• [WHAT IS EXPECTED]: The entries that follow need to be printed exactly as they are, minus any pictures.

• [Stored items]:
Content starts

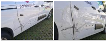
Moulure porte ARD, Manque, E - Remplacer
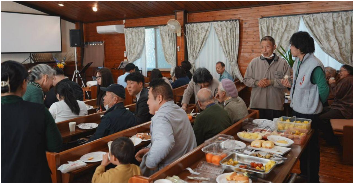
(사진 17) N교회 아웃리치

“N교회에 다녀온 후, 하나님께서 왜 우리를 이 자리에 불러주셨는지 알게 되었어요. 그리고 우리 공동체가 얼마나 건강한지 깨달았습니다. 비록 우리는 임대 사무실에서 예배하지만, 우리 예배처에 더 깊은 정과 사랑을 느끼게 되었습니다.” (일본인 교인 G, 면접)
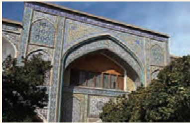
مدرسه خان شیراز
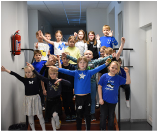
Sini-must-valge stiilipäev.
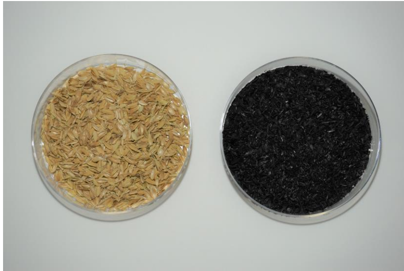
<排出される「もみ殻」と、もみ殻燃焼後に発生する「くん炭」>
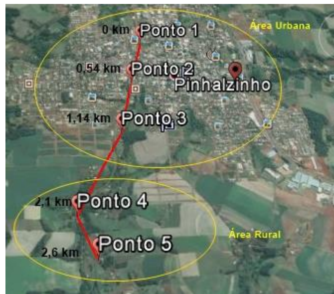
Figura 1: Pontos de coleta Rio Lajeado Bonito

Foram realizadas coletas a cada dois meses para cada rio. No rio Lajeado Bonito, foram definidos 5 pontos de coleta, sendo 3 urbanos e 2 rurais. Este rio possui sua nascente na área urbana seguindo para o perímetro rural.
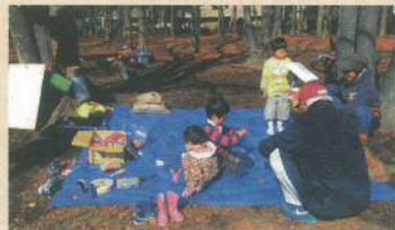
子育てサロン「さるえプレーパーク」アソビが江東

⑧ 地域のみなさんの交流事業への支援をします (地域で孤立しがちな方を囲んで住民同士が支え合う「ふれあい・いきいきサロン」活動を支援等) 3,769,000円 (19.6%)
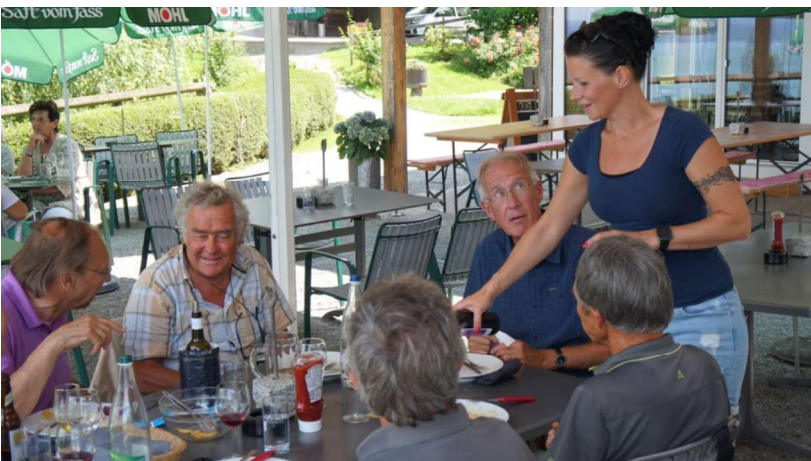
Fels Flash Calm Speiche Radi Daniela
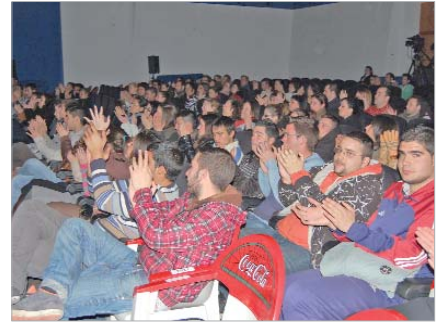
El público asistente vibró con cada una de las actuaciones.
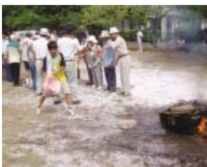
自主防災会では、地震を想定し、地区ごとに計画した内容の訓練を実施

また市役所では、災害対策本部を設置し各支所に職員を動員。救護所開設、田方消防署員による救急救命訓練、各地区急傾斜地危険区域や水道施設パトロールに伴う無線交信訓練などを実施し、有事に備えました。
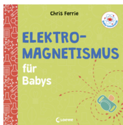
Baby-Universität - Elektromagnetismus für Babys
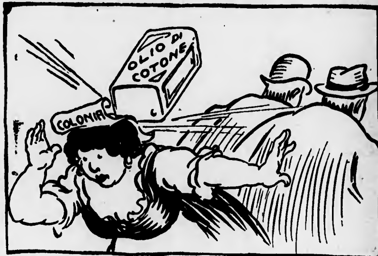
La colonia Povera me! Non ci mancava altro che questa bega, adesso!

Content ends

• [ANSWER TO THIS PROBLEM]:
Moulure porte ARD, Manque, E - Remplacer
(사진 17) N교회 아웃리치

“N교회에 다녀온 후, 하나님께서 왜 우리를 이 자리에 불러주셨는지 알게 되었어요. 그리고 우리 공동체가 얼마나 건강한지 깨달았습니다. 비록 우리는 임대 사무실에서 예배하지만, 우리 예배처에 더 깊은 정과 사랑을 느끼게 되었습니다.” (일본인 교인 G, 면접)
مدرسه خان شیراز
Sini-must-valge stiilipäev.
<排出される「もみ殻」と、もみ殻燃焼後に発生する「くん炭」>
Figura 1: Pontos de coleta Rio Lajeado Bonito

Foram realizadas coletas a cada dois meses para cada rio. No rio Lajeado Bonito, foram definidos 5 pontos de coleta, sendo 3 urbanos e 2 rurais. Este rio possui sua nascente na área urbana seguindo para o perímetro rural.
子育てサロン「さるえプレーパーク」アソビが江東

⑧ 地域のみなさんの交流事業への支援をします (地域で孤立しがちな方を囲んで住民同士が支え合う「ふれあい・いきいきサロン」活動を支援等) 3,769,000円 (19.6%)
Fels Flash Calm Speiche Radi Daniela
El público asistente vibró con cada una de las actuaciones.
自主防災会では、地震を想定し、地区ごとに計画した内容の訓練を実施

また市役所では、災害対策本部を設置し各支所に職員を動員。救護所開設、田方消防署員による救急救命訓練、各地区急傾斜地危険区域や水道施設パトロールに伴う無線交信訓練などを実施し、有事に備えました。
Baby-Universität - Elektromagnetismus für Babys
La colonia Povera me! Non ci mancava altro che questa bega, adesso!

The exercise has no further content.